Then we have the command definition itself (which belongs to the Commands class, of course):

[CommandMethod("CTRLNS2")]

public void GetGeometryCmd()

{

  var doc = Application.DocumentManager.MdiActiveDocument;

  var db = doc.Database;

  var ed = doc.Editor;

  // Ask the user to select the first object (we're

  // not actually limiting selection to only surfaces)

  var peo =

    new PromptEntityOptions(

      "\nSelect first object for centerline extraction"

    );

  var per = ed.GetEntity(peo);

  if (per.Status != PromptStatus.OK)

    return;

  bool cont = true;

  double total = 0.0;

  var start = Point3d.Origin;

  var end = Point3d.Origin;

  bool first = true;

  while (cont)

  {

    using (var tr = db.TransactionManager.StartTransaction())

    {

      // Get the modelspace for write

      var bt =

        (BlockTable)tr.GetObject(

          db.BlockTableId,

          OpenMode.ForRead

        );

      var ms =

        (BlockTableRecord)tr.GetObject(

          bt[BlockTableRecord.ModelSpace],

          OpenMode.ForWrite

        );

      // Get the selected object, extract it's primitives,

      // then try to link them into sections

      var ent =

        (Entity)tr.GetObject(per.ObjectId, OpenMode.ForRead);

      var ents = ExtractPathPrimitives(ent);

      var sections = LinkPrimitivesIntoSections(ents);

      // Loop through the sections and attempt to stitch

      // them with any that have been generated already

      foreach (var section in sections)

      {

        bool connected = false;

        var newStart = start;

        var newEnd = end;

        if (first)

        {

          newStart = section.StartPoint;

          newEnd = section.EndPoint;

          first = false;

          connected = true;

        }

        else

        {

          if (SamePoint(start, section.StartPoint))

          {

            connected = true;

            newStart = section.EndPoint;

          }

          else if (SamePoint(start, section.EndPoint))

          {

            connected = true;

            newStart = section.StartPoint;

          }

          else if (SamePoint(end, section.StartPoint))

          {

            connected = true;

            newEnd = section.EndPoint;

          }

          else if (SamePoint(end, section.EndPoint))

          {

            connected = true;

            newEnd = section.StartPoint;

          }

        }

        if (!connected)

        {

          ed.WriteMessage(

            "\nSkipping non-contiguous section."

          );

          section.Clear();

        }

        else

        {

          start = newStart;

          end = newEnd;

          total += section.GetLength();

          ed.WriteMessage("\nTotal pipe length: {0}", total);

          section.WriteToBlock(tr, ms, 1);

        }

      }

      tr.Commit();

    }

    // Change the prompt and ask again, looping if appropriate

    peo.Message = "\nSelect next object";

    per = ed.GetEntity(peo);

    cont = per.Status == PromptStatus.OK;

  }

}

And then – also in the Commands class – we’ll add a few helper functions to stitch segments into one or more sections:

private List<PipeSection> LinkPrimitivesIntoSections(

  List<Curve> ents

)

{

  var sections = new List<PipeSection>();

  while (ents.Count > 0)

  {

    sections.Add(LinkSection(ents));

  }

  return sections;

}

private static PipeSection LinkSection(List<Curve> ents)

{

  var section = new PipeSection();

  // Use a flag to see whether any new segments were added in

  // the last pass

  bool foundNew = true;

  bool first = true;

  while (foundNew)

  {

    foundNew = false;

    // Loop through the entities, looking for any with the

    // same start- or end-point (but not both)

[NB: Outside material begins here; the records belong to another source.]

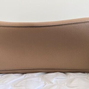 Coach Handbag. This handbag is in excellent used condition. There is minor color transfer markings (shown in the picture) on the back of the bag near the top. There is a minor indentation on the side of the bag (see picture.) The interior has no notable markings.
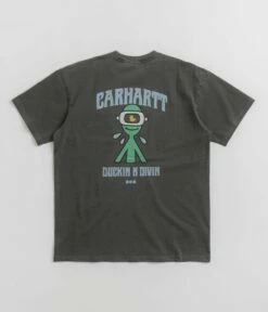 Carhartt Duckin T-Shirt in Black. Loose fitting and made from 100% cotton, this garment dyed Carhartt t-shirt arrives as part of the brand’s latest collection. Featuring a flexible rib knit collar and a straight cut hem, this black Carhartt t-shirt is finished with printed front and rear graphics.
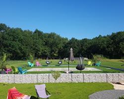 Doté d'une piscine avec vue et vue sur la piscine, l'Alolival est un Bed & Breakfast durable situé à Sablonceaux, à 28 km de la gare de Saintes. Cet hébergement climatisé se trouve à 14 km de la gare de Royan. Cette chambre d'hôtes met gratuitement à votre disposition une connexion Wi-Fi et un parking privé. Elle est accessible aux personnes à mobilité réduite. Tous les logements disposent d'une terrasse, d'un coin repas et d'une télévision à écran plat. Leur salle de bains privative est pourvue d'une douche à l'italienne et d'un sèche-cheveux. Un réfrigérateur, des plaques de cuisson, des ustensiles de cuisine et une machine à café sont également fournis. Le linge de lit et les serviettes de toilette sont fournis. Vous trouverez un bar sur place et, en été, vous pourrez utiliser le barbecue. Ce Bed & Breakfast possède un casino, des équipements de jeux en plein air et un jardin. L'église Notre-Dame et le centre des congrès se trouvent à 16 km. L'aéroport de La Rochelle-Île de Ré, le plus proche, est à 70 km.
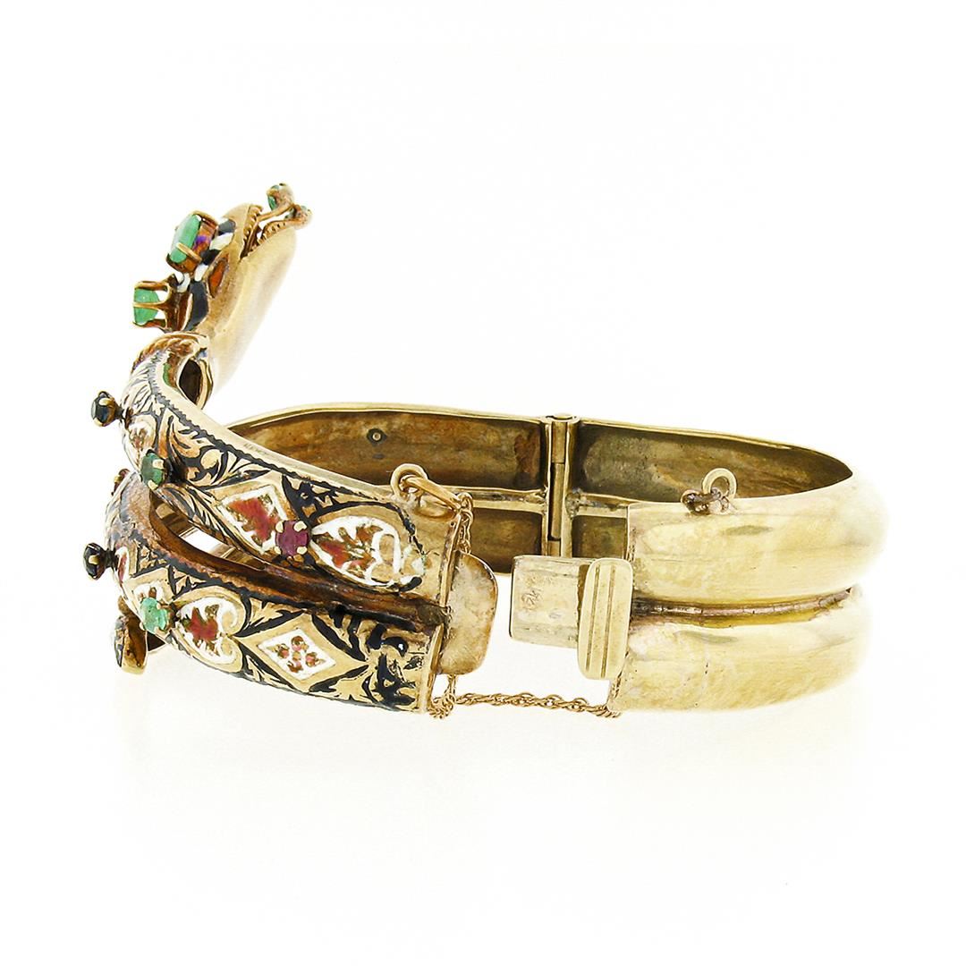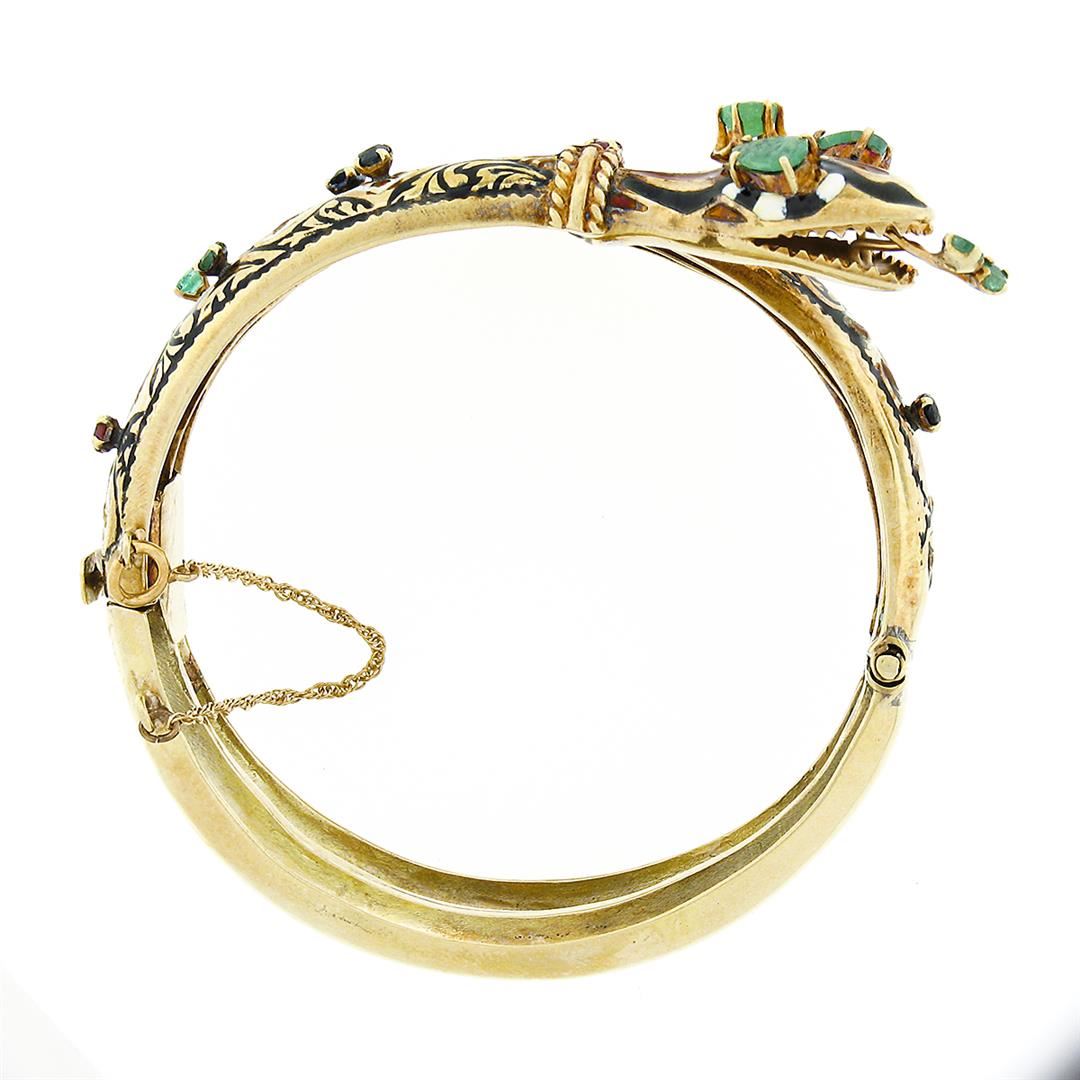 A vintage solid 14k yellow gold snake coiled bangle bracelet, with enamel work & 8 round and pear cut natural emeralds (1.70ctw), with 2 round brilliant cut natural rubies (0.30ctw), and 3 round brilliant cut natural sapphires (0.45ctw). It weighs a total of 71.66 grams, measures 43.80mm wide, and measures 7 inches in length.

    for (int i = 0; i < ents.Count; i++)

    {

      var cur = ents;

      bool connected = false;

      var newStart = section.StartPoint;

      var newEnd = section.EndPoint;

      // The first curve in our list gets special treatment

      if (first)

      {

        newStart = cur.StartPoint;

        newEnd = cur.EndPoint;

        connected = true;

        first = false;

      }

      else

      {

        // The others we check more carefully

        if (

          SamePoint(section.StartPoint, cur.StartPoint) &&

          !SamePoint(section.EndPoint, cur.EndPoint)

        )

        {

          connected = true;

          newStart = cur.EndPoint;

        }

        else if (

          SamePoint(section.StartPoint, cur.EndPoint) &&

          !SamePoint(section.EndPoint, cur.StartPoint)

        )

        {

          connected = true;

          newStart = cur.StartPoint;

        }

        else if (

          SamePoint(section.EndPoint, cur.StartPoint) &&

          !SamePoint(section.StartPoint, cur.EndPoint)

        )

        {

          connected = true;

          newEnd = cur.EndPoint;

        }

        else if (

          SamePoint(section.EndPoint, cur.EndPoint) &&

          !SamePoint(section.StartPoint, cur.StartPoint)

        )

        {

          connected = true;

          newEnd = cur.StartPoint;

        }

      }

      // If we found a connection...

      if (connected)

      {

        // Update the section start- and end-points

        section.StartPoint = newStart;

        section.EndPoint = newEnd;

        // Remove the curve from the list and add it to our

        // section's segments

        ents.RemoveAt(i--);

        section.Segments.Add(cur);

        foundNew = true;

      }

    }

  }

  return section;

}

This code still isn’t checking for overlap, so it’s admittedly a little fragile: it will often tell you that the newly-selected section isn’t contiguous, for instance. To really be useable it would need to handle overlapping segments more elegantly. If that were done, then I think the approach would rival the one shown yesterday (i.e. CTRLINES, OVERKILL then GSL). For now yesterday’s still seems the simplest – and ultimately most effective – approach to work with.
I’d be curious to get feedback from anyone who actually tries the code shown in the last two posts and – ideally – gets the chance to compare the results with those created manually. I do think it could prove to be very useful, but no doubt some tweaks will be needed – I’ve only dealt with the edge cases shown in a small sample of piping data, for instance: there may well be others that this code works less well against.